Materials provided
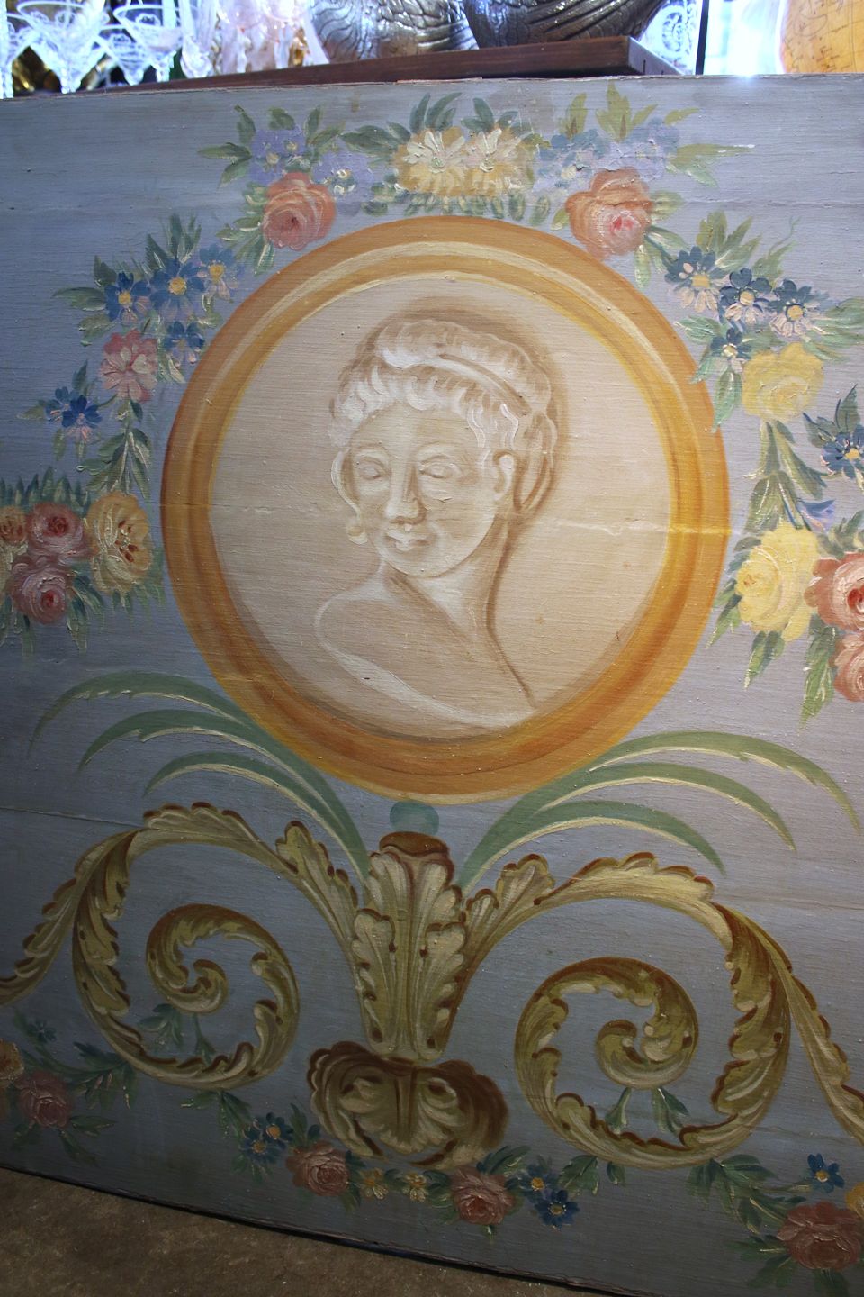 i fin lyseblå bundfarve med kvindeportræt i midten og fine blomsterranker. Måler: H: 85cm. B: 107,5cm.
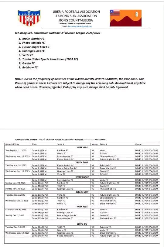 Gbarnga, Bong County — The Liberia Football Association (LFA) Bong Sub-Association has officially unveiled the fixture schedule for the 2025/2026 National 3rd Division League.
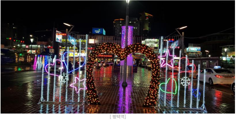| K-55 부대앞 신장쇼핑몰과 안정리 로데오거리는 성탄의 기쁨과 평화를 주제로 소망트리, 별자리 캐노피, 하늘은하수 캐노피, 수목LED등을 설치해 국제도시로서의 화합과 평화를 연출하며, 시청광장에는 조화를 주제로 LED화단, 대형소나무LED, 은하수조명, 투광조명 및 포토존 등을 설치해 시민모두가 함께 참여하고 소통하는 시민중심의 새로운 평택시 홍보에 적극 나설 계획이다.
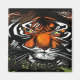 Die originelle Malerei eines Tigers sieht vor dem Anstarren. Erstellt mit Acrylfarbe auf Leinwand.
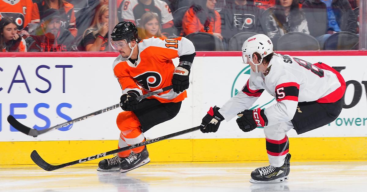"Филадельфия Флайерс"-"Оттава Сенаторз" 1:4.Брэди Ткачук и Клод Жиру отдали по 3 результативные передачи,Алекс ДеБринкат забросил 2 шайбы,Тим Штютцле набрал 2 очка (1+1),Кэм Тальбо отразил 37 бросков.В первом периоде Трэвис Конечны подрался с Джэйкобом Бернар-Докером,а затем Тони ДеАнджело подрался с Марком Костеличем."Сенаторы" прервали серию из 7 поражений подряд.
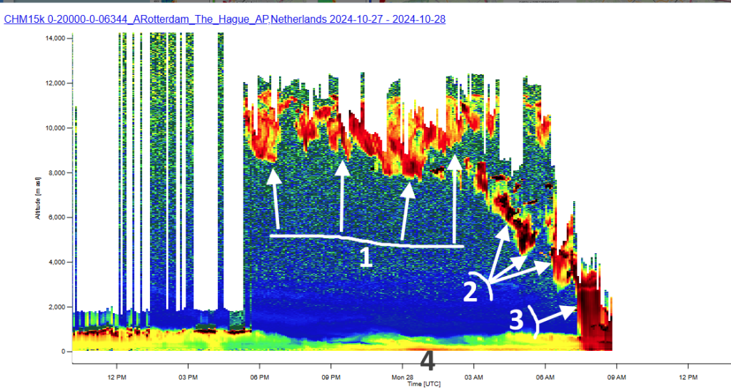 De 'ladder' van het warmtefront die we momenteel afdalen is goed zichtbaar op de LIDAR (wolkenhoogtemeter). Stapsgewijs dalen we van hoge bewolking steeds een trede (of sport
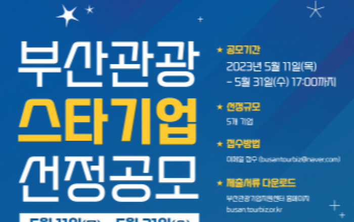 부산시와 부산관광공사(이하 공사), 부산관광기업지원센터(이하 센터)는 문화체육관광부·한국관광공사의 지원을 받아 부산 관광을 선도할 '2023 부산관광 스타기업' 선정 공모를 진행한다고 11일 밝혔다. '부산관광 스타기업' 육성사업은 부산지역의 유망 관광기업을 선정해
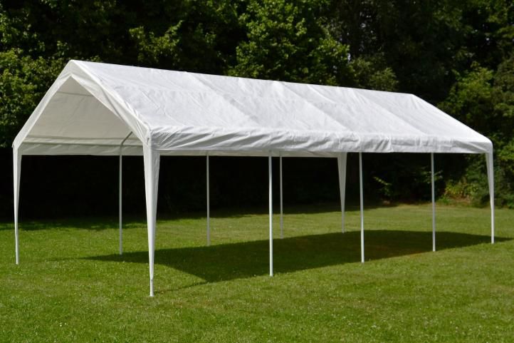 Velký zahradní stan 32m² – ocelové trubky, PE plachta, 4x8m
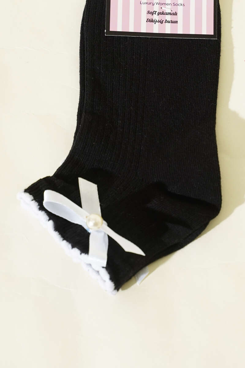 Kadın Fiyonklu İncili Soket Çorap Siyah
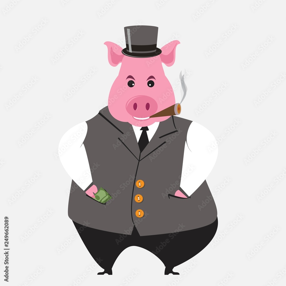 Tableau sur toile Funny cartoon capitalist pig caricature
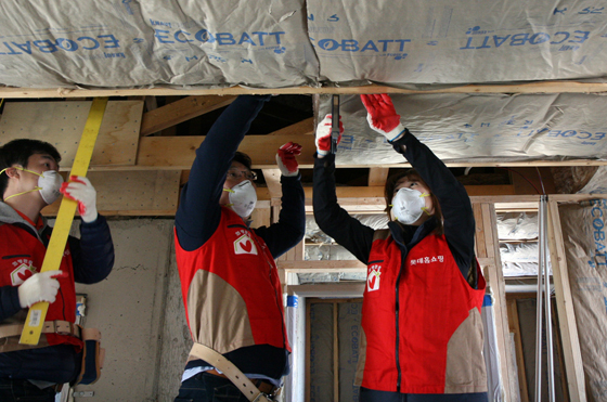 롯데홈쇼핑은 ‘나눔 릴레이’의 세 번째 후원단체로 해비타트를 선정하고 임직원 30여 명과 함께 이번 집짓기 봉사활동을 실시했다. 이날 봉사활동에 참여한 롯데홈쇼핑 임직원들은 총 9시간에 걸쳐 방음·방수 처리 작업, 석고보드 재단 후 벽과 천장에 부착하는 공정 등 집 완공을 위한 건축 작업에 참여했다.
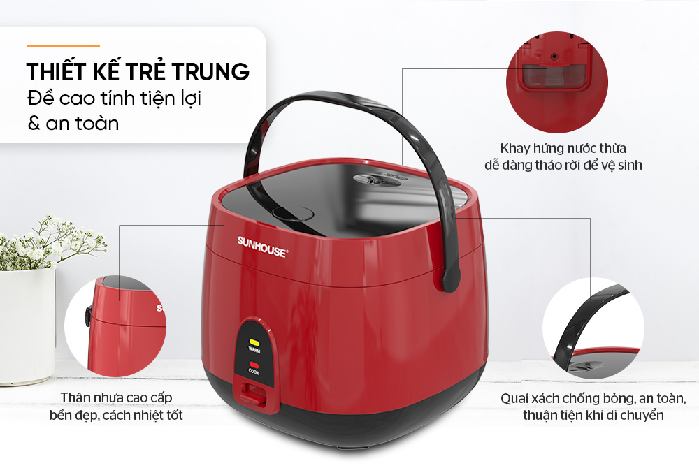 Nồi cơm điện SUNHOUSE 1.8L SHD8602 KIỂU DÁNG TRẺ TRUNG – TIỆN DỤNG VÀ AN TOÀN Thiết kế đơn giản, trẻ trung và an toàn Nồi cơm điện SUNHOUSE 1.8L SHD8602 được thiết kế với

What you will do
From the line containing "Tableau sur toile" to the last line of the records above, return each line exactly, both ends included, and nothing more. Leave out the pictures.

Task output
 Tableau sur toile Funny cartoon capitalist pig caricature
 롯데홈쇼핑은 ‘나눔 릴레이’의 세 번째 후원단체로 해비타트를 선정하고 임직원 30여 명과 함께 이번 집짓기 봉사활동을 실시했다. 이날 봉사활동에 참여한 롯데홈쇼핑 임직원들은 총 9시간에 걸쳐 방음·방수 처리 작업, 석고보드 재단 후 벽과 천장에 부착하는 공정 등 집 완공을 위한 건축 작업에 참여했다.
 Nồi cơm điện SUNHOUSE 1.8L SHD8602 KIỂU DÁNG TRẺ TRUNG – TIỆN DỤNG VÀ AN TOÀN Thiết kế đơn giản, trẻ trung và an toàn Nồi cơm điện SUNHOUSE 1.8L SHD8602 được thiết kế với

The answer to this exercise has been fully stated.